I hope to one day open my own games studio.”
Investigate any issues that a developer saw. Gather more information and log it to Jira.
3pm
Quick tea break.
3:10pm
Run a test plan to check for any unexpected behaviour. Log any issues found to Jira and mark as “pass” or “fail” on spreadsheet.
6:15pm
Arrive home. Make and eat dinner. Chat to my partner about our days.
8pm
Play some video games or do a little portfolio work before going to sleep around 10pm.
Pay grade?
You can expect to pocket this kinda cash when employment calls…

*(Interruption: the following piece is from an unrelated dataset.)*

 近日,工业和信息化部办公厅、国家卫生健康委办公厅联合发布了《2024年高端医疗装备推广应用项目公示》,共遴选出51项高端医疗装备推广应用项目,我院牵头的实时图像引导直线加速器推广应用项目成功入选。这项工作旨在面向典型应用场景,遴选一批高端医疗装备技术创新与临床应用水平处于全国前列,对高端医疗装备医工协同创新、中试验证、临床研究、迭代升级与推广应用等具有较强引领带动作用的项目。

Tertiary education is your key to the gaming and creative computer sciences faculties. Where gaming was once a fun thing to do on weekends, career options are now only as limited as your imagination. QUT offers cool courses like eSports and double degrees with everything from business to science, IT and marketing. Hit up these courses on Open Day to find your fit!
Bachelor of Games and Interactive Environments: major in animation, game design and software tech
Bachelor of Business / Bachelor of Games and Interactive Environments: hone your sales skills once you’re done designing your game
Bachelor of Creative Industries: combine with IT or data science degrees for all-round know-how
Diploma in eSports: kickstart your long-term gaming studies or flex your skills and specialise in esports with this epic diploma
Bachelor of Design (Interaction Design): awesome on its own or combine with engineering for a more product-development-specific pathway
Internships are an excellent way to amp up your skills while still at uni and get a taste for the career vibes IRL. Hit a Google search on these companies to score an opportunity.
Wargaming Sydney
Game Designer: $125K–$130K
Game Developer: $105K–$110K
Animator: $80K–$85K
Software Developer: $85K–$105K
User Experience and Interface Designer: $95K–$115K*
*Source: salaries according to seek.com.au
Find your niche
There are so many characters — er, we mean roles — in the world of gaming! Find your match!

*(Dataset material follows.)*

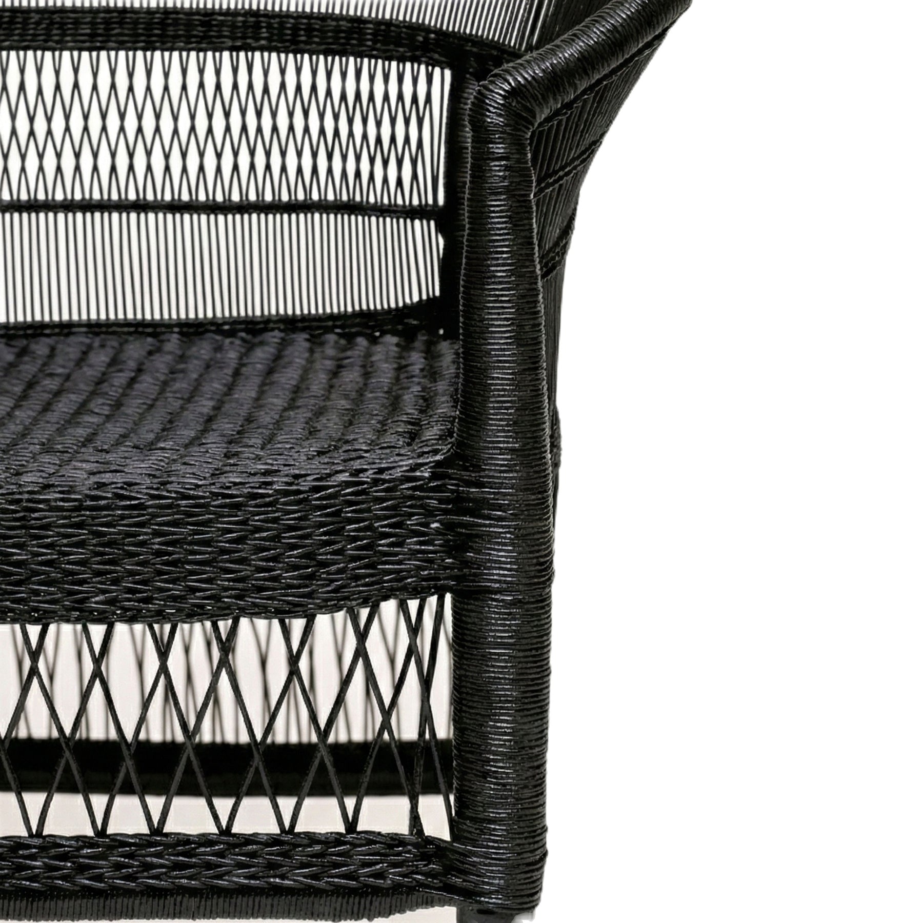 Sold as a handcrafted rattan frame only; cushion not included. The seat base measures approximately 20" wide × 17" deep and fits most seat cushions 18"–20" wide × 17"–18" deep.

Designer: You’re creative and can develop visual ideas that will translate to a digital environment.
Animator: You have the skills to take visual cues and turn still images into moving parts on a screen.
Sound designer: You have an ear for motion. You create the game theme song, the sound bites/character voices and the “foley” — think footsteps, crashes, cheering, background noise — in-game.

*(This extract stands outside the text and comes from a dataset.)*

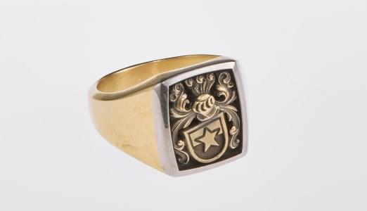 3314. Bague chevalière gravée d'armoiries

Programmer: You speak computer and can write code to enable the tech to put the creative aspects of a game in the right sequence.
Developer: Your job is to take the game from concept and pieces of code to a playable/ interactive masterpiece.
Marketer: You know how to tap into the buyer’s thinking and generate interest to make your product — i.e. game! — financially viable. Sell. Sell. Sell.